Выбрать главу

В средневековой Европе матримониальные правила, принятые в феодальной среде, способствовали зарождению романтической любви (куртуазной — от старофранцузского «court» — двор). Эти же правила привели к расширению границ отчужденной сексуальности. Что я имею в виду? Аристократия всячески стремилась ограничить раздел земли, а потому заботилась о женитьбе одного, обычно старшего сына. В своем большинстве младшие оставались холостыми. Разумеется, их эротические потребности ни в коей мере не ущемлялись — к их услугам были служанки и проститутки. Но такие контакты, понятно, не требовали ни эмоциональной концентрации, ни соревновательности, и со временем взоры «младших» феодалов стали обращаться на замужних матрон. Высказывая этой женщине свою «рабскую» подчиненность, рыцарь только и помышлял о том, как бы разделить с нею ложе. Мораль старопровансальского дворянина основывалась на признании прав природы и человеческих чувств. Любовь понималась не как грех, а как добродетель. Потому-то в божбе рыцарей фигурировала не жизнь, не здоровье или спасение души, а высшая милость их дам. Феодал из Прованса не говорит: «Клянусь своим телом», «Пусть погибнут мое тело и душа», но «Пусть мне не придется больше возлежать с моей дамой» (Фридман 1965: 328). Замужняя женщина, однако, не могла открыто располагать своим телом: оно — неотъемлемая собственность мужа. Дама, замеченная в нарушении этикета, подвергалась вместе с сообщником суровому наказанию. Опасность придавала особую пикантность любовной игре, к тому же ритуал предписывал женщине идти на определенные уступки: шаг за шагом умножая дозволенные ласки, с тем чтобы еще больше разжигать желания почитателя. Демонстрируя умение изысканно завлекать матрону, рыцарь подчеркивал тем самым принадлежность к миру избранных. Не правда ли, речь идет о любви отнюдь не «платонической»? Практика галантной любви опиралась, с одной стороны, на мужскую обходительность и храбрость, а с другой — на женскую изощренность и жертвенность. Не лишне подчеркнуть: дама, по сравнению с рыцарем, который мог быть и холостым, и женатым, должна была — в силу своего брачного статуса — обладать удвоенной решимостью. Думаю, не покажется неожиданным следующее резюме: романтическая любовь внебрачна, жертвенна и манифестируема.

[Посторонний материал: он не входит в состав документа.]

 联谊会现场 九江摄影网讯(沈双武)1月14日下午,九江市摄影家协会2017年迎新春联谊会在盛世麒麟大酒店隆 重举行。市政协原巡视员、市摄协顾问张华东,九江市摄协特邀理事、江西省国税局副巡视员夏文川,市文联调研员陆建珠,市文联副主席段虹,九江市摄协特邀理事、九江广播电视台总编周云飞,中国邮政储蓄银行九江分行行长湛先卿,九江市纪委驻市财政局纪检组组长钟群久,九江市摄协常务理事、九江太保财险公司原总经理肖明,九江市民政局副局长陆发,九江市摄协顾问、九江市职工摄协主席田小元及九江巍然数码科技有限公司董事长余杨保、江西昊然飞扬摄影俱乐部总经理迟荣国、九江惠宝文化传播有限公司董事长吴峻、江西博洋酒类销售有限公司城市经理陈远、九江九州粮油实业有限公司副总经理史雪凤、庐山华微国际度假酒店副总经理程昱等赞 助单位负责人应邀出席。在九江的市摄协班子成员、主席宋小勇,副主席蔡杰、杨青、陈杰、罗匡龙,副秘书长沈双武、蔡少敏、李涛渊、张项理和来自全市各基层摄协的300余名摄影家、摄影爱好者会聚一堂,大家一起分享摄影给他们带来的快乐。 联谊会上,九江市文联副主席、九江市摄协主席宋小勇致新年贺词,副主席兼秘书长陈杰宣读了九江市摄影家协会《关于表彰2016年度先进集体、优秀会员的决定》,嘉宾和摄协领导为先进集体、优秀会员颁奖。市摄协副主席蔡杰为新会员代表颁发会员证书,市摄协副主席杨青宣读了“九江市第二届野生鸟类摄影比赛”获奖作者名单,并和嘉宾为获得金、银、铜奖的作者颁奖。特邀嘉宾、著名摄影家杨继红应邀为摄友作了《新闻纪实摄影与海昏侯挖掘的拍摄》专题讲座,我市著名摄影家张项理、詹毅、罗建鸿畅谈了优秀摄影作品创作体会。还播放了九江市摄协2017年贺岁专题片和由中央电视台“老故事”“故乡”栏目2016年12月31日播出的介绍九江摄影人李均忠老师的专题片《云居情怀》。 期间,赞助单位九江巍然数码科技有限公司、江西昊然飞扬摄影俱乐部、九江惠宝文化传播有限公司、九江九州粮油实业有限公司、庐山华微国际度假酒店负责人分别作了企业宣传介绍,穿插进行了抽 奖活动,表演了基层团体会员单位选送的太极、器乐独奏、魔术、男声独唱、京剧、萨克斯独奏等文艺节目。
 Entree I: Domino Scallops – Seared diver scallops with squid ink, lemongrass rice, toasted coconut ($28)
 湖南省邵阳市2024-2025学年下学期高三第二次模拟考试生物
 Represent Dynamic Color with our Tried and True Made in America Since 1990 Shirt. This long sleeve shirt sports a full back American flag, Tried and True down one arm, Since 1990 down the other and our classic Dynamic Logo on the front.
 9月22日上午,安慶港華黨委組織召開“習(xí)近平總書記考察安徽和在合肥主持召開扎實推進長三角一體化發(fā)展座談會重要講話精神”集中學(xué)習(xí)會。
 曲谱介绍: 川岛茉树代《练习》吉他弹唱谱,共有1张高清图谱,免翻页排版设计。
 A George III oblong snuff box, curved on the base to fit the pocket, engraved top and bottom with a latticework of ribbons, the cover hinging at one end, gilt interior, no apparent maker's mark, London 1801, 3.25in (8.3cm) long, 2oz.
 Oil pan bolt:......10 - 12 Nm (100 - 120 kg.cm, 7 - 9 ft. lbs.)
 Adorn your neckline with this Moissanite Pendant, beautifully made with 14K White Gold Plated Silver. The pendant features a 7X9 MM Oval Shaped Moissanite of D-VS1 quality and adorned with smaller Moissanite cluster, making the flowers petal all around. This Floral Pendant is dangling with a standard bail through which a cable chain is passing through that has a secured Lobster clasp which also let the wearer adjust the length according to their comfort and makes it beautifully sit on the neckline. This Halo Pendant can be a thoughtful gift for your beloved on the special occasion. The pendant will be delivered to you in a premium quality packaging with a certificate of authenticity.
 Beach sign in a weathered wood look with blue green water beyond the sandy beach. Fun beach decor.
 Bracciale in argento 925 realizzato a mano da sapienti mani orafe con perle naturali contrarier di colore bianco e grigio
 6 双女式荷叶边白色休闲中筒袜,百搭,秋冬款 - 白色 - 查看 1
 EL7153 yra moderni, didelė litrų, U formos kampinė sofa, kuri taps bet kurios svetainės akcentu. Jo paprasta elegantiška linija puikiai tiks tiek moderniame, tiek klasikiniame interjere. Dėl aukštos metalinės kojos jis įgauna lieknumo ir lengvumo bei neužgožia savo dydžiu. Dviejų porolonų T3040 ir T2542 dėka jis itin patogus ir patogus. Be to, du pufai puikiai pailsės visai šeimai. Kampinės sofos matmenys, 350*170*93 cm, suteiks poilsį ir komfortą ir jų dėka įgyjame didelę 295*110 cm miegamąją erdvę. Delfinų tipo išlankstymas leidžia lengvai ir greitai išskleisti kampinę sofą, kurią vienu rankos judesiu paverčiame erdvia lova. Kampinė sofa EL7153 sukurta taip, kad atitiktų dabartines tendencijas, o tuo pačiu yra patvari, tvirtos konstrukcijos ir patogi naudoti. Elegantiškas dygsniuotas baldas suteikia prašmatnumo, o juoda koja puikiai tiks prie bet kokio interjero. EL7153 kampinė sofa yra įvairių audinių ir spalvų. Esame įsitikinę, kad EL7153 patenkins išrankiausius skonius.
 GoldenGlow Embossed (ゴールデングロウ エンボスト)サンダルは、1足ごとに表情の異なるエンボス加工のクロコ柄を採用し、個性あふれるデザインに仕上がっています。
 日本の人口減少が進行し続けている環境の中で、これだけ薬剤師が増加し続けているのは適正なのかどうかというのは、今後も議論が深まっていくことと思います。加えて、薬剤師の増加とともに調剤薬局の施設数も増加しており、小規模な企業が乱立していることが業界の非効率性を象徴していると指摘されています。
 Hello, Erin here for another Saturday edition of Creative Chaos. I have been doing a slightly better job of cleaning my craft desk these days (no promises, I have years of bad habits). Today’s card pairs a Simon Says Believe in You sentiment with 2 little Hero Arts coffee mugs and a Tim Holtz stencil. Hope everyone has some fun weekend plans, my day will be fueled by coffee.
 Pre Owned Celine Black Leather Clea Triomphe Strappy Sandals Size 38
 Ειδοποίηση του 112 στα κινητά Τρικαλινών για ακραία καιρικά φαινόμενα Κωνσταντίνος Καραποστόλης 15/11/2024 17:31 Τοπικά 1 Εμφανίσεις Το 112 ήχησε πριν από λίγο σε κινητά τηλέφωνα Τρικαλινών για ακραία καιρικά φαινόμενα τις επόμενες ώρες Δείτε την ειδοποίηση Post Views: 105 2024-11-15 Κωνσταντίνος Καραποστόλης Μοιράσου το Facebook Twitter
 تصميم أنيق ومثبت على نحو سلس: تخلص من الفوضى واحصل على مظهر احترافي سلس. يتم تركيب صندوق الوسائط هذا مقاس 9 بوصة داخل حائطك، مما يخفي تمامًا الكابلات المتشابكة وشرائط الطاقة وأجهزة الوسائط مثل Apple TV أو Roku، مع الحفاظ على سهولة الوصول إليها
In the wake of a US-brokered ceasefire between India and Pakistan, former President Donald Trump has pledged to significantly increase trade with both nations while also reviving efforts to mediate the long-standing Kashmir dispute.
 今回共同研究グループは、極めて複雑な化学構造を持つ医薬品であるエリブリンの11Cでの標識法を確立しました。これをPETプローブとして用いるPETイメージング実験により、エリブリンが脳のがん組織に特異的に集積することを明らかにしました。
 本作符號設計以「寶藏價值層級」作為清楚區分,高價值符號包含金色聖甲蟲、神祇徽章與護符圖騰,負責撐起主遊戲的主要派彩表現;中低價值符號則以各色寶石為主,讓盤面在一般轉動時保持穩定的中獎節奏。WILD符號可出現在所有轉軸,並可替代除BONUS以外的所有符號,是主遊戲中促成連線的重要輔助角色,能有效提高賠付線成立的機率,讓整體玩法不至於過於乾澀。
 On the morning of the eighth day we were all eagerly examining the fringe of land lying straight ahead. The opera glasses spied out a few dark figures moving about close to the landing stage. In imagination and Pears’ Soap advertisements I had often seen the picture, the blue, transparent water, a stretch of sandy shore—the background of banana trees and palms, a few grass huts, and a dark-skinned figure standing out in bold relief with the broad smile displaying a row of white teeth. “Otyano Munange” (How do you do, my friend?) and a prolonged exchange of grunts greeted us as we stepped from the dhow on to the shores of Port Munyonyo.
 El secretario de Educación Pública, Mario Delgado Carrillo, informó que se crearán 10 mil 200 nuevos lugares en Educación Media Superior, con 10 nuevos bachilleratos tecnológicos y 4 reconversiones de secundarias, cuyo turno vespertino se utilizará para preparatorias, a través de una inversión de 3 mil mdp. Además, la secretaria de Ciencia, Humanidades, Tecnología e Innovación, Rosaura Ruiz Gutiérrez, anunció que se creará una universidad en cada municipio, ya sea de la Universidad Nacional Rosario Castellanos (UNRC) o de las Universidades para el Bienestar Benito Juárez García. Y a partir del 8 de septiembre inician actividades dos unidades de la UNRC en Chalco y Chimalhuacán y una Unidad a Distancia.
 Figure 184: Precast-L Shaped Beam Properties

В этом свете легко понять, что следовать традициям и правилам романтизма могут немногие, но мечтать о нем может каждый обыватель, подпитывая воображение романами, фильмами, телевидением, Интернетом, конструирующими светлые пятна в жизни актора, в реальности ограниченной кухней, супружеской спальней, детской, офисом и могилой.

Вернемся, однако, к размышлениям Лафарга. К началу XX века (опрос проводился в 1903 г.), несмотря на то что религиозная и светская этика по-прежнему придерживались сугубо негативной позиции относительно адюльтера, общественное мнение тем не менее отнюдь не высказывалось стопроцентно в ее (этики) пользу. И это, по словам автора, являлось если не самым интересным, то, по меньшей мере, самым значимым открытием: «Неопределенность мнений в вопросе, находившем когда-то столь ясный <...> ответ, — не доказывает ли это, что мы (французская нация. — С. Г.) переживаем время, сходное с периодом разложения греко-римской цивилизации, когда приходили в упадок пережившие себя обычаи, учреждения и идеи, появились признаки нового мира?» (Лафарг 1904: 54). Стало быть, если для Золотарева адюльтер однозначно — преступление, то Лафарг, осознавая временный характер всех обычаев и конвенциональность норм нравственности, поддерживал стремление своего народа к публичному (а не «в самом тесном кругу» — на кухне) и активному обсуждению злободневной проблемы.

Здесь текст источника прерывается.